Could anyone give some help? Thanks indeed.
My environment is Python 3.6.9, pytorch 1.3.0 with CPU.

Are both approaches deterministic in isolation? I.e. are you getting the same results if you rerun the reduction='none' code?
If so, then I think the difference between both approaches could come from a different order of the reductions and thus accumulated small absolute errors due to the limited floating point precision.

Thanks your reply. @ptrblck
Yes, the returned loss of two reduction way are same, which is 0.7351 at the first time.
When I rerun the reduction with none, it always show 0.7351 at the first time.
I confirmed it by using ipdb to check.
But after several iteration, the loss began to differ.
So, How to fix the calculation order of reduction.
The reason why I wanna convert to reduction of none, is that I wanna combine sample weight to existed class weight’s loss.

No, I meant to ask if the second approach executed multiple times is yielding the same results (not in comparison to the first approach).

Yes, I have modified my first reply.

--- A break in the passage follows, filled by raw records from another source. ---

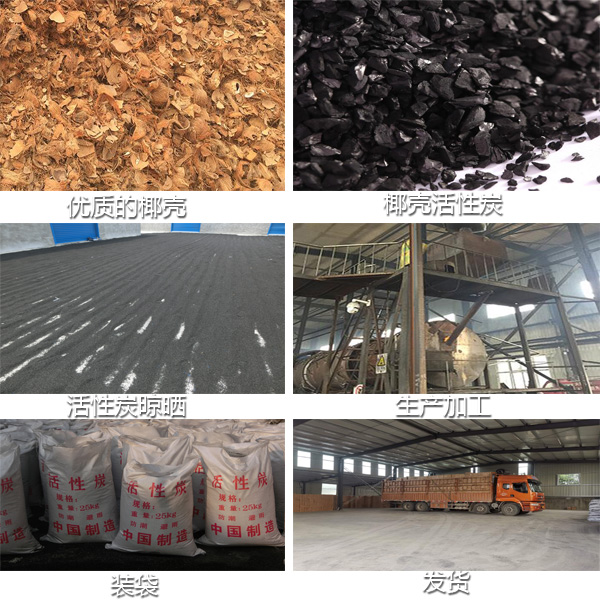 椰殼原料→碳化→破碎→活化→除雜→破碎→篩分→成品
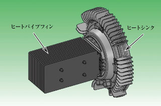 図3にヒートシンク部の構成概略を示す。なお,ヒートシンクとヒートパイプフィンは,ヒートパイプによって接続されている。
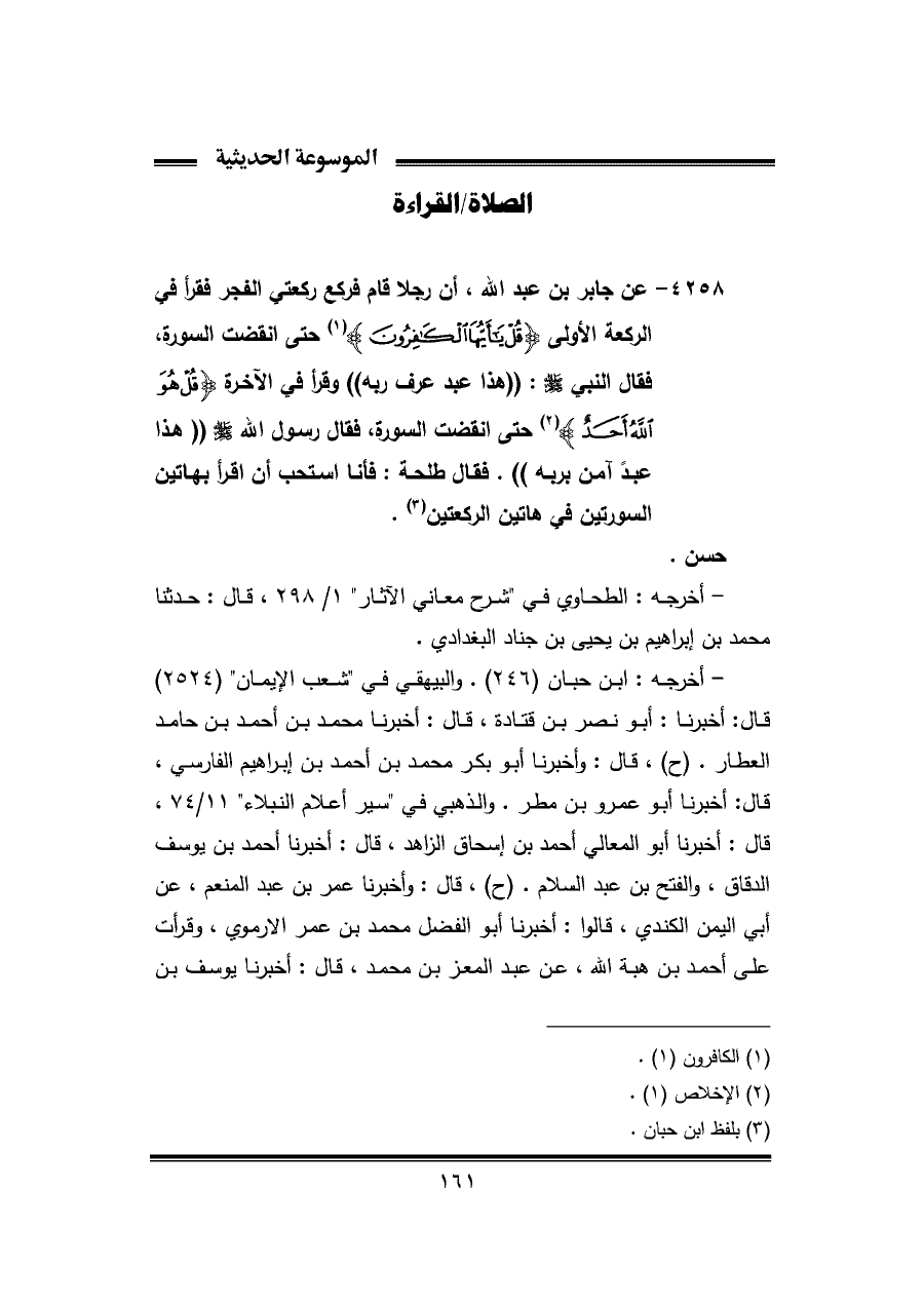 ٤٢٥٨ - عن جابر بن عبد الله، أن رجلا قام فركع ركعتي الفجر فقرأ في الركعة الأولى {قُلْ يَاأَيُّهَا الْكَافِرُونَ} (¬١) حتى انقضت السورة، فقال النبي - صلى الله عليه وسلم -: "هذا عبد عرف ربه" وقرأ في الآخرة {قُلْ هُوَ اللَّهُ أَحَدٌ} (¬٢) حتى انقضت السورة، فقال رسول الله - صلى الله عليه وسلم - "هذا عبدً آمن بربه". فقال طلحة: فأنا استحب أن اقرأ بهاتين السورتين في هاتين الركعتين (¬٣).

When I rerun the code with reduction of none in the same seed, it output the same result with loss from first iteration to the last iteration.
In fact, when I guessed from the result of reduciton of none, it seems that it doesn’t fully cooperate the class weight info.

try doing this segment on cpu, the issue is that some operators used during backward are non-deterministic, so gradients differ in re-runs; in particular, indexing/gathering with many-to-one element correspondence

Thanks for your reply. @googlebot
In fact I run these codes in CPU already, but it shows the result above.
Besides that, I rerun the reduction of none serveral times with same seed, it prove the same result and same loss.
From my observation for the result returned by reduction of none, it seems that it doesn’t cooperate the class weight info.
So I wander is it a bug or other problem?

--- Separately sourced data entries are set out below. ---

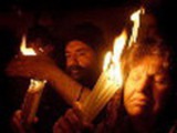 Благодатный огонь появился в храме Гроба Господня в Иерусалиме после молитвы патриарха Иерусалимского Феофила и десятков тысяч паломников о ниспослании чуда.
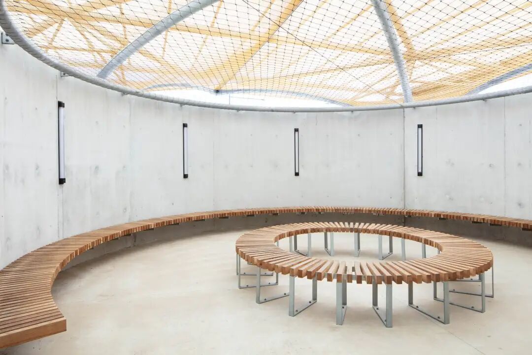 展馆的柔和曲线环绕着椭圆形运动,带有放射状网格,起伏的混凝土墙包围了圆形空间,这些空间开放,但通过带有大悬垂的宽阔玻璃纤维屋顶保护免受风、雨和阳光的影响。拱形钢结构上垂下一个黄色网状结构,就像一个树冠让日光透过,同时赋予欢乐和愉悦的元素。
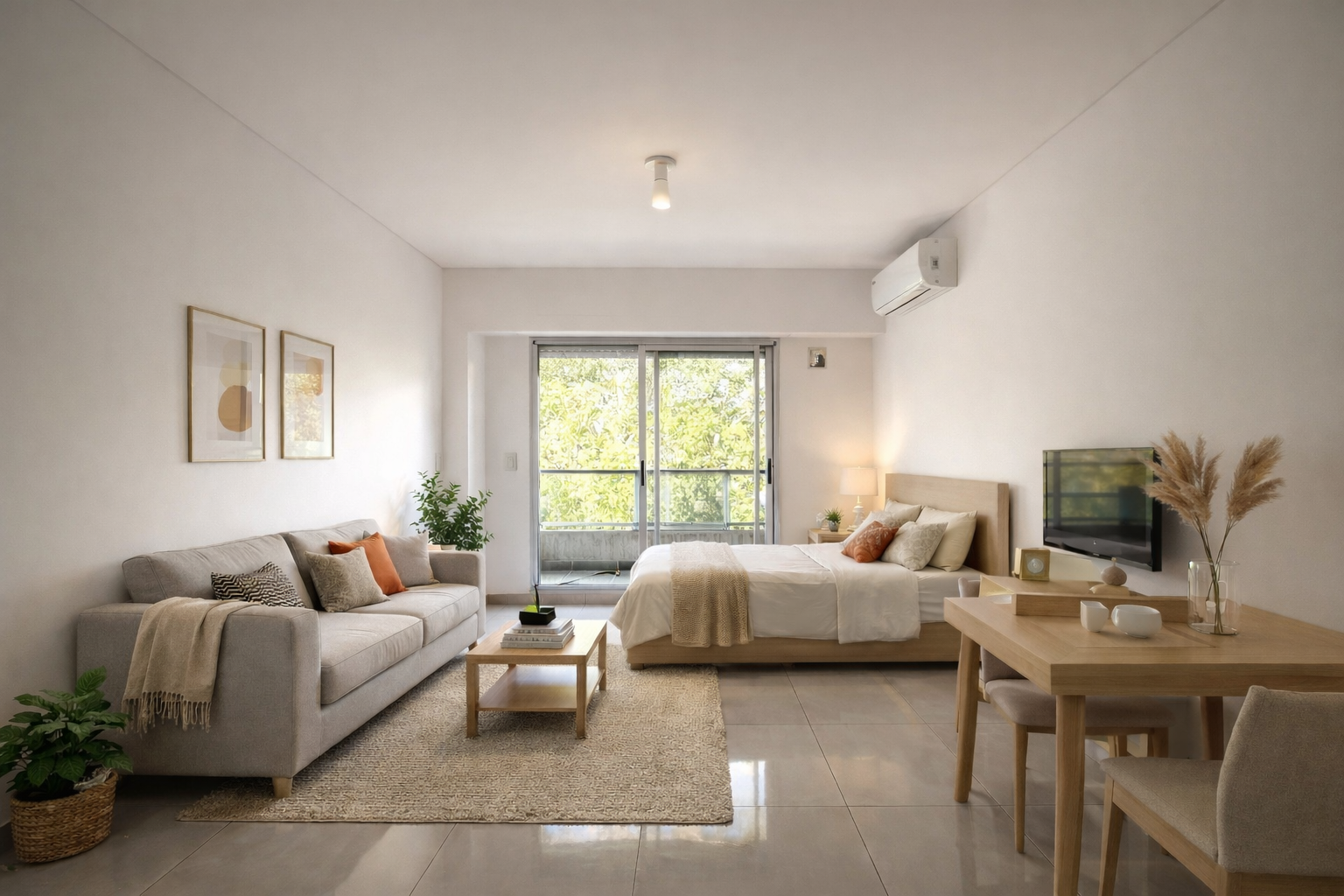 Monoambientes amplios, modernos y funcionales, diseñados para brindar confort y practicidad en el uso diario. Cada unidad cuenta con un ambiente único bien resuelto, con cocina integrada y salida a un balcón al frente que aporta excelente iluminación natural y ventilación.
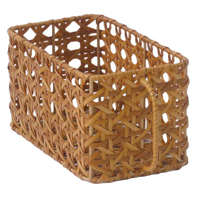 ラタンの皮の風合いをポリプロピレンとポリエチレンを使って表現した、天然素材のような手編みバスケットです。八つ目状に編み込まれたデザインは、置いておくだけでもかわいいので魅せる収納インテリアとしても楽しめます。
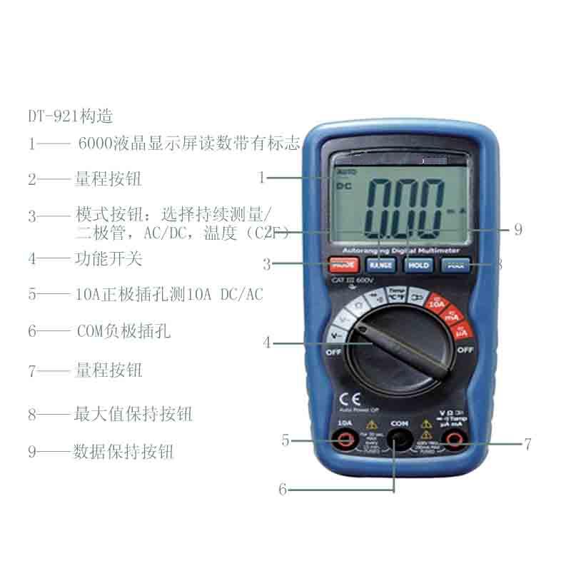 DP-921具備了安全外殼設計和超大液晶顯示屏,為更加安全的測量提供了保障. 這款表集合了精確度高、使用便捷,安全可靠的特點,符合CAT III 600V安全指標.

Oh, then above answer is likely correct:

You’re either not looking beyond first 4 digits of loss, or differences only manifest in gradients.

Not sure how you’d “fix” that, and if you need to do adjustments to “mean” mode, you’d lose result identity anyway…

But I still think it’s not related to float precision, cause I observe from the result of reduction of none, it seems that it doesn’t cooperate the class weight info.
I still don’t know how to calculate the loss under the none correctly…

Excuse me,

Can I have the method to overcome such problem?
Cause in my situation, the reduction of mean return a good result, however, the reduction of none return a totally bad result.
If I wanna use the reduction of none to cooperate the sample weight, I must overcome the problem above.
Appreciate for your help.